Lezione della prof. Bignami

Artista americano R.Rauschenberg. Opera più importante: “Bed”, 1955, Moma di New York

combine­paintings= combinazione di pittura ed oggetti. Opere miste in cui si ricorre sia a tecniche pittore

tradizionali che ad oggetti del mondo reale, quindi si unisce pittura e scultura.

Clima culturale che ogni artista sviluppa in modo diverso, a partire dal secondo dopoguerra.

C’è un continuo sovrapporsi, senza gerarchia, di “arte alta” e “arte bassa”.

Corrente “New dada” (definita così nei manuali): è la ripresa, agli inizi degli anni ‘50 a New York, dei modi

che hanno caratterizzato il dadaismo storico degli anni ‘10 del 1900 (x es. Duchamp), c’è una nuova

attenzione verso l’oggetto di uso quotidiano.

Il termine “New dada” viene usato per la prima volta sulla rivista Art News nel 1958, sulla quale vengono

inseriti Rauschenberg, Jasper Johns, Cy Twombly. Il New dada si configura come un movimento di

passaggio tra Action painting (Pollock) e la Pop Art (recupero dell’oggetto).

Rauschenberg nasce il 22/10/1925 a Port Arbur (Texas). Studia farmacia nell’università di Austin, poi molla

gli studi. Va a studiare a Parigi nel 1948.

Verso la fine degli anni ‘40 e all’inizio degli anni ‘50, il centro dell’arte inizia ad essere New York.

Rauschenberg torna in USA e studia al Black Mountain College di Asheville, scuola all’avanguardia che

prendeva ispirazione dal Bauhaus europeo. Si affeziona molto alle lezioni di Josef Albors. In inverno inizia a

frequentare l’Arts Students Leauge di New York.

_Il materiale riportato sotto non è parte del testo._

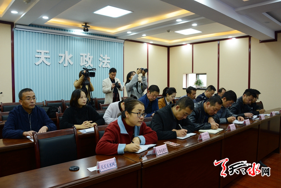 发布会由天水市委政法委副书记、市扫黑除恶专项斗争领导小组办公室主任陈璧田主持,市纪委副书记、监委副主任、市扫黑办副主任曹明忠,市委组织部副部长、市非公经济和社会组织工委书记丁晓来,市中级法院副院长、市扫黑办副主任刘新平,市检察院副检察长、市扫黑办副主任高学斌,市公安局副局长、市扫黑办副主任杨金生出席本次新闻发布会,《甘肃日报》、甘肃电视台、《甘肃法制报》、《天水日报》、天水电视台、天天天水网等媒体参加发布会。

Conosce il musicista John Cage, il quale sperimentava musica

d’avanguardia.

Rauschenberg esegue i primi “white painting”, che vengono esposti

nella galleria a New York di Betty Parsons (che prima esponeva

Pollock).

1951, white painting

I white painting di Rauschenberg furono definiti da John Cage un

orologio dell’ambiente, e gli ispirarono la composizione 4’ 33” di

silenzio, nella quale il pianista apre e chiude per 3 volte il

pianoforte.

I white painting sono tele modulari, la disposizione cambia a

seconda della composizione (per esempio, 4 quadrati formano 1

quadrato).

In seguito ragiona sull’idea di inserire qualcosa nei monocromi, per

contrapporre e derivare una compulsiva composizione di oggetti e

foto.

1952­53 black painting

Stende il colore su una base di giornali, i quali movimentano il piano

pittorico, forzando l’arte più formalista. Dei giornali lascia alcuni

caratteri leggibili, permettendo ai materiali prosaici, quindi non

artistici, di fondersi nella tela.

Nel 1952 fa un viaggio con l’amico Cy Twombly in Europa e

Nord Africa. “​

Bob e Cy”, Venice, 1952

→ foto che propone un

montaggio di momenti diversi.

Roma fu una tappa importante. Rauschenberg fece visita

all’amico Alberto Burri, che era malato, gli portò in regalo un

feticcio terapeutico. Berri ricambiò con una piccola opera.

Burri fece nel 1952 i primi grandi sacchi, che consistevano in

composizioni fatte con sacchi di iuta, ricuciti con punti

grossolani di spago. Fu interessante il recupero di una

materia assunta come materiale visivo, l’espressività era

visiva e cromatica.

Sempre nel 1952 Rauschenberg in Italia, inizia a creare dei

collage utilizzando camicie, materiali trovati in strada e nei

mercatini delle pulci. Realizza i “feticci personali”, composti da

vari oggetti. Realizza anche le “scatole personali”, perlopiù in

legno o metallo, che contengono oggetti trovati in giro.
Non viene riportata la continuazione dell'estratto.